Note all the loads are relaxed.

I claim that if thr1 prints "thr1 wins", then we deduce that a.store(true) preceded b.store(true) in the sequential consistency order S.

To see this, let A be b.load() and B be b.store(true). If b.load() == false then we have that A is coherence-ordered before B. (Apply atomics.order p3.3 with A,B as above, and X the initialization of b to false.)

Now let X be the fence in thr1. Then X happens before A by sequencing, so X precedes B in S by atomics.order p4.3. That is, the thr1 fence precedes b.store(true). And a.store(true), which is also seq_cst, precedes the thr1 fence, because the store strongly happens before the fence by sequencing. So by transitivity, a.store(true) precedes b.store(true), as claimed.

Similarly, if thr2 prints, then b.store(true) precedes a.store(true).
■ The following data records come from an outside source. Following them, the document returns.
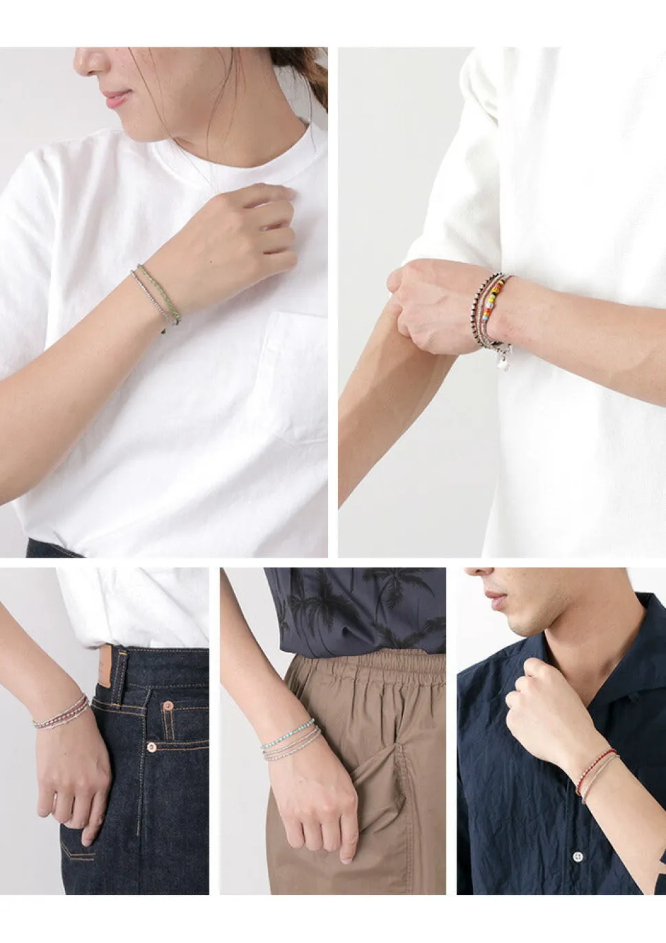This bracelet is made of waxed cord and Karen silver and has a simple yet strong presence. It will casually decorate your wrist. The bracelet is water resistant, so you can enjoy summer activities with it on! As a coordinating accent, it is sure to enhance your summer style. It can be worn in layers depending on your mood, purpose, or location. It goes well with cords and other bead accessories. Available in two sizes for unisex wear, and in seven colors, it makes a perfect pair accessory or gift.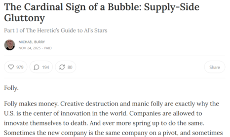 ‘AI 버블 징후를 간과해서는 안 된다’라고 강조하였던 마이클 버리의 뉴스레터 (출처: michaeljburry.substack.com)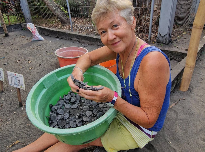 64-летняя Светлана Елкина влюбилась в этих животных после отпуска на Ко Талу. Она стала волонтером и побывала в Италии, Малайзии, Кении, Шри-Ланке и Таиланде, а затем остановилась в Индонезии. В числе прочего Светлана помогает новорожденным черепашатам добраться до воды, ухаживает за ранеными и дежурит ночью на пляжах, защищая кладки.
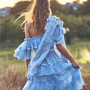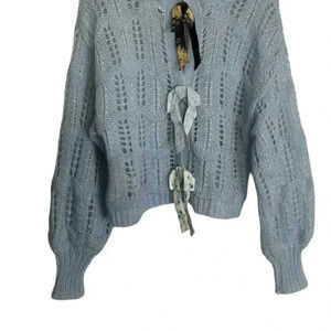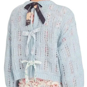 LOVESHACKFANCY Blue Bow Back Sweater Size XS Fairycore Cottagecore Romantic
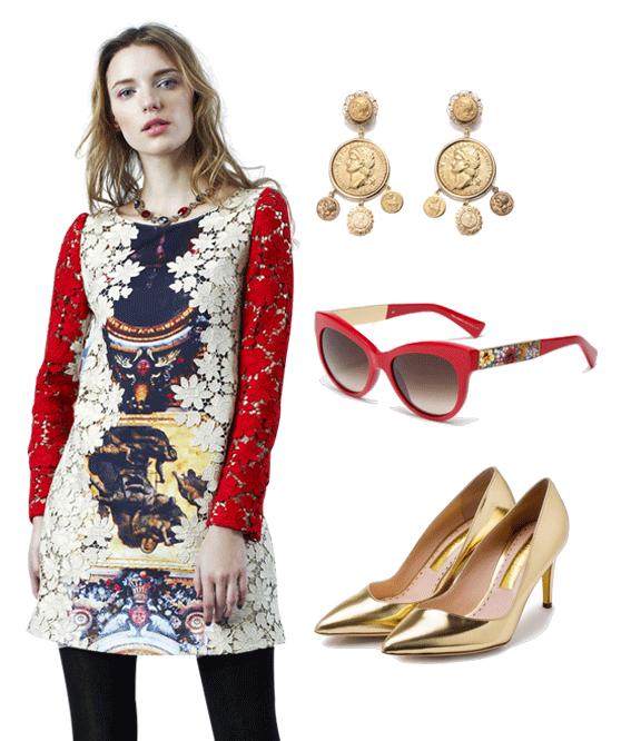 红与金的大面积拼接,在饱和色调中完美绽放,蕾丝花朵犹如少女般浪漫的情怀,为您的整体服装造型增添亮点,巴洛克壁画印花,奢华高贵、精致优雅。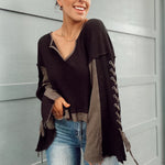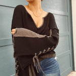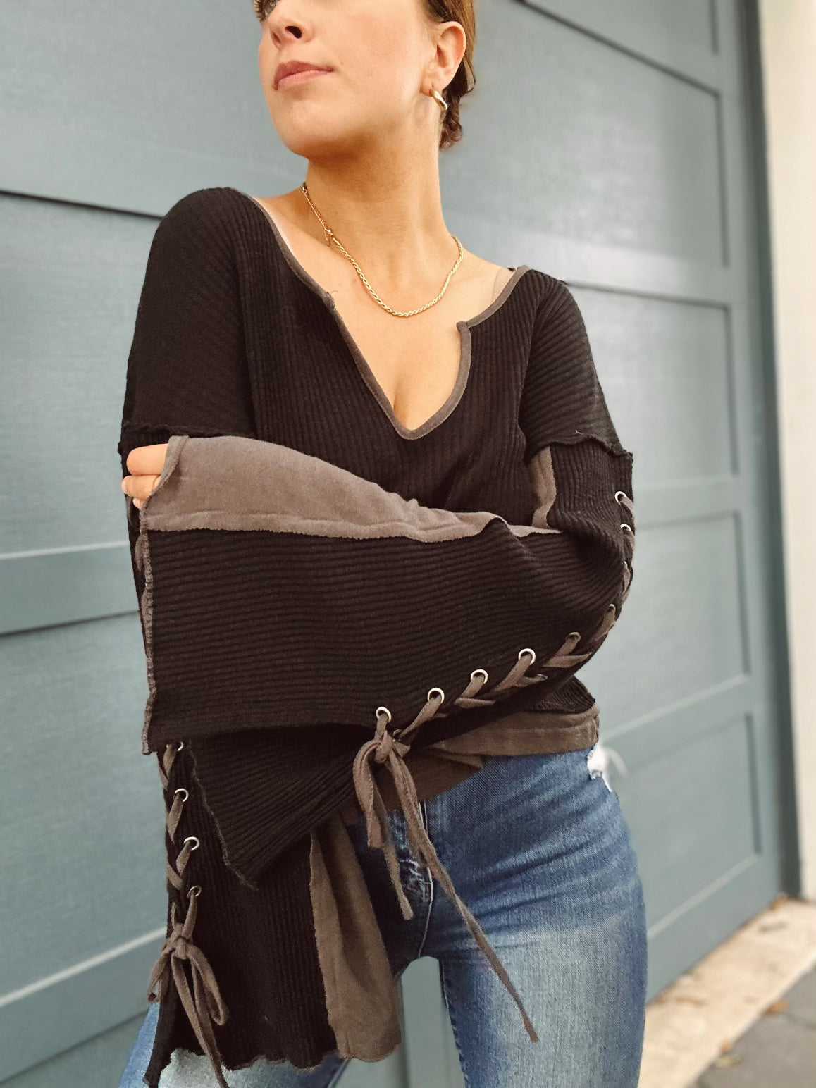 Notched neckline, long sleeve with lace up detail, ribbed with contrasting color block panels.
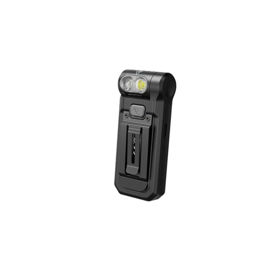 Нахил головної частини корпусу регулюється на 200°, дозволяючи виставляти промінь у зручному для вас напрямку. Подвійний затискач підвищує функціональність пристрою: ви можете кріпити його до козирка кепки, лямки рюкзака, кишені одягу або пояса. У хвіст вбудовано магніт для фіксації конструкції на металевій поверхні.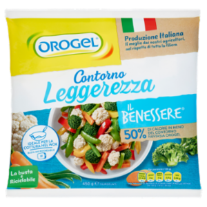 Tante gustose verdure, naturalmente ricche di sostanze nutritive e protettive, pronte in pochi minuti per un ricco contorno, ma ideali anche come base per sfiziose ricette. Il Contorno Leggerezza contiene meno carboidrati e quindi fornisce oltre il 50% di calorie in meno del Contorno Fantasia Orogel. Il Benessere Ricco di fibre e vitamina A, un aiuto per mantenere in buona salute la pelle e la vista e per il buon funzionamento del sistema immunitario. Orogel con te! Per il tuo Benessere. Almeno 5 porzioni di verdura e frutta ogni giorno e un'alimentazione equilibrata, forniscono al tuo organismo tanti principi nutritivi e protettivi tipici dei vegetali. Insieme ad una vita sana e attiva, sono fondamentali per un buono stato di salute. Orogel è alla costante ricerca delle scelte più sostenibili Questa busta è già di dimensioni e spessore ridotti al minimo Questo materiale conserva al meglio il prodotto al suo interno Busta Riciclabile Facile da smaltire nella raccolta della plastica Il suo riciclo darà vita a nuovi oggetti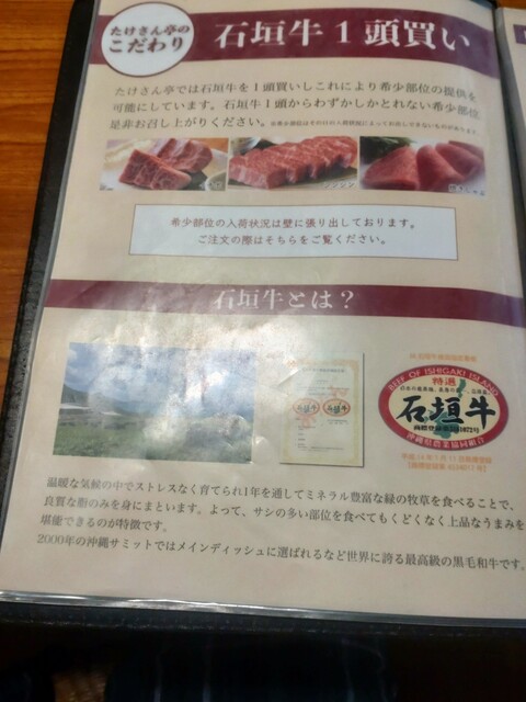 前置きが長くなったが、石垣牛は赤身の部分の味が濃厚で、霜降りでもその赤身の味が脂肪に負けないため、旨味と甘みのバランスが素晴らしいのだろう。たけさん亭はJA沖縄公認の石垣牛を扱う数少ない店のうちのひとつ。炭火焼肉 やまもと、焼肉金城(現石垣島きたうち牧場)の御三家だ。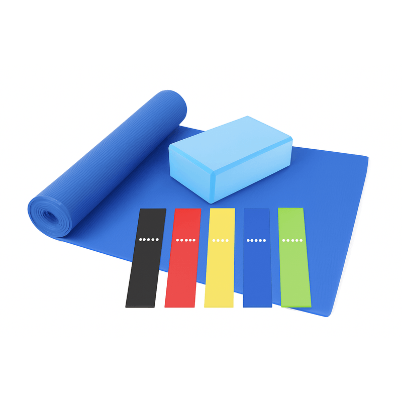Mat colchoneta yoga pilates PVC 4 mm + Ladrillo yoga + 5 bandas elásticas
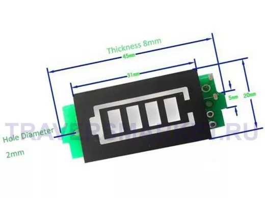 Индикатор заряда Li-ion батареи 2S (7,4В.) 31*20*7 мм.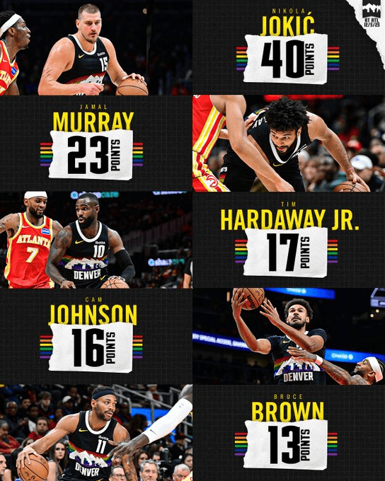 本場比賽,推發(fā)圖并約基奇拿下40分,配文默里拿下23分,引領(lǐng)卡梅倫-約翰遜拿下16分,逆轉(zhuǎn)小蒂姆-哈達威拿下17分,分手布魯斯-布朗拿下12分。板掘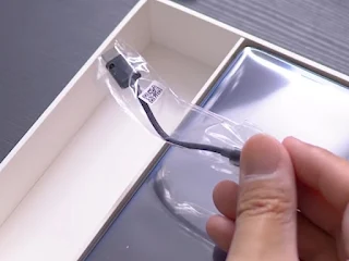 Pada kotak di sebelah ponsel terdapat kabel data USB Type-C berwarna hitam dengan panjang sekitar 1 meter..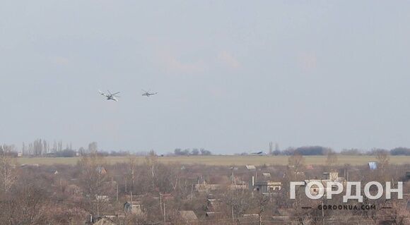 В то же время корреспондент Gordonua.com сообщает, что что до сих в небе видны истребитель и штурмовик, которых прикрывают два военных вертолета.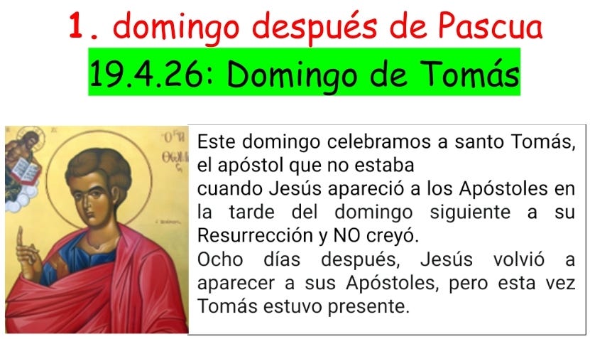 El primer domingo de Pascua ES el domingo de la Resurrección; como consecuencia, el segundo domingo de Pascua, sería el primer domingo después de Pascua y así seguiremos con nuestro “camino hacia Pentecostés”.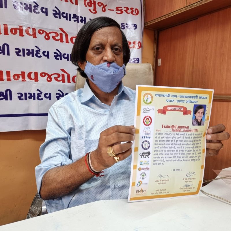 પ્રધાનમંત્રી જન કલ્યાણકારી યોજના પ્રચાર-પ્રસાર અભિયાન દ્વારા માનવજ્યોતનાં પ્રબોધ મુનવરની વિવિધ સેવાકીય પ્રવૃત્તિઓની નોંધ લઇ સન્માનપત્ર અર્પણ કરવામાં આવ્યું છે. રાષ્ટ્રીય અધ્યક્ષ શ્રી મુકેશ શર્મા, રાષ્ટ્રીય મહામંત્રી શ્રી જયકરણ ડબ્બાસ, ગુજરાત પ્રદેશ પ્રભારી સાધ્વી નિર્મલાજીનાં માર્ગદર્શન હેઠળ રાષ્ટ્રીય સચિવ શ્રીમતિ આશિકાબેન ભટ્ટે સન્માનપત્ર અર્પણ કરી શુભેચ્છાઓ પાઠવી હતી. ભુજ અને કચ્છમાં વિવિધ સેવાકીય પ્રવૃત્તિઓ સાથે […]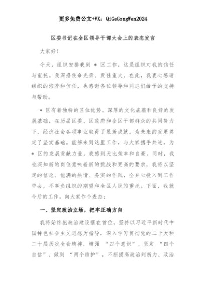 【七哥公文】2025年:区委书记在全区领导干部大会上的表态发言+更多免费公文+VX:QiGeGongWen2024+更多免费公文+VX:QiGeGongWen2024
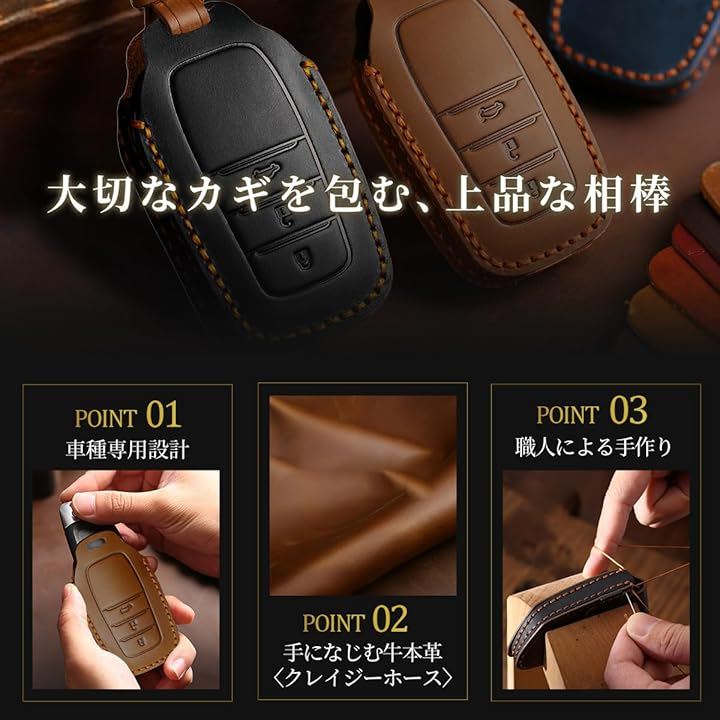 「商品概要」 トヨタ向けの牛本革のスマートキー専用キーケースです。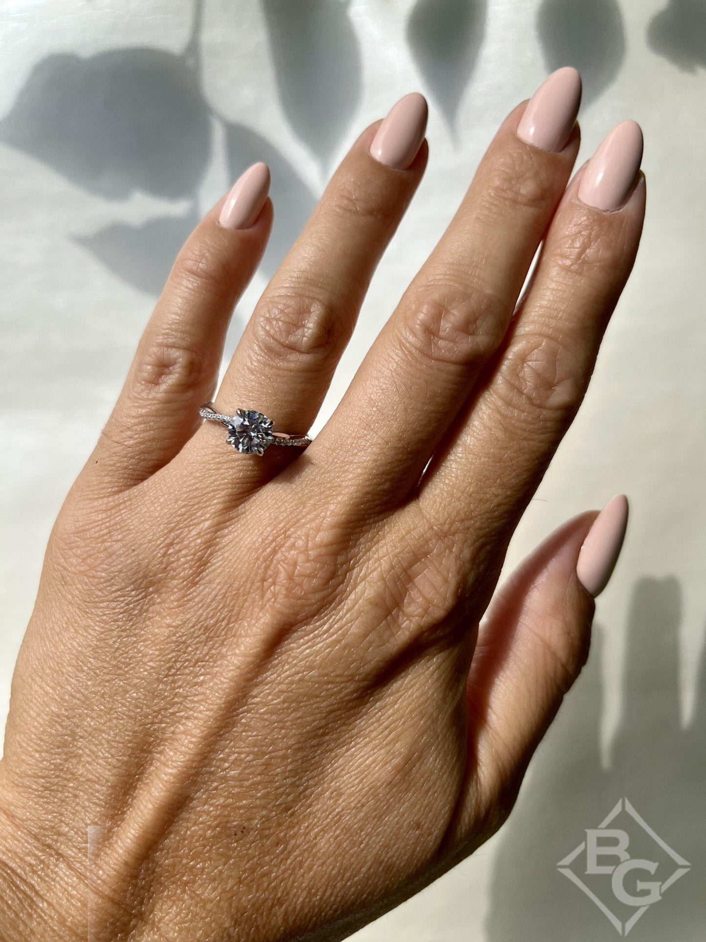 - Ring can be made to accommodate any size or shape diamond, Moissanite or gemstone. Shown with a 2.00 carat round cut center stone (approximately 8 x 8mm)

They can't both precede each other, so we have therefore proved that the program cannot print both messages.

If you downgrade the fences to acq_rel, the proof breaks down. In that case, as far as I can see, nothing prevents the program from printing thr1 wins even if b.store(true) precedes a.store(true) in the order S. As such, with acq_rel fences, I believe it is allowed for both threads to print. Though I'm not sure whether there is any real implementation where it could actually happen.


We can get an even simpler example if we make all the loads and stores relaxed, so that the only seq_cst operations are the fences. Then we can use (4.4) instead to show that if b.load(relaxed) returns false, the thr1 fence precedes the thr2 fence, and vice versa if a.load() returns false. We therefore conclude, as before, that the program cannot print both messages.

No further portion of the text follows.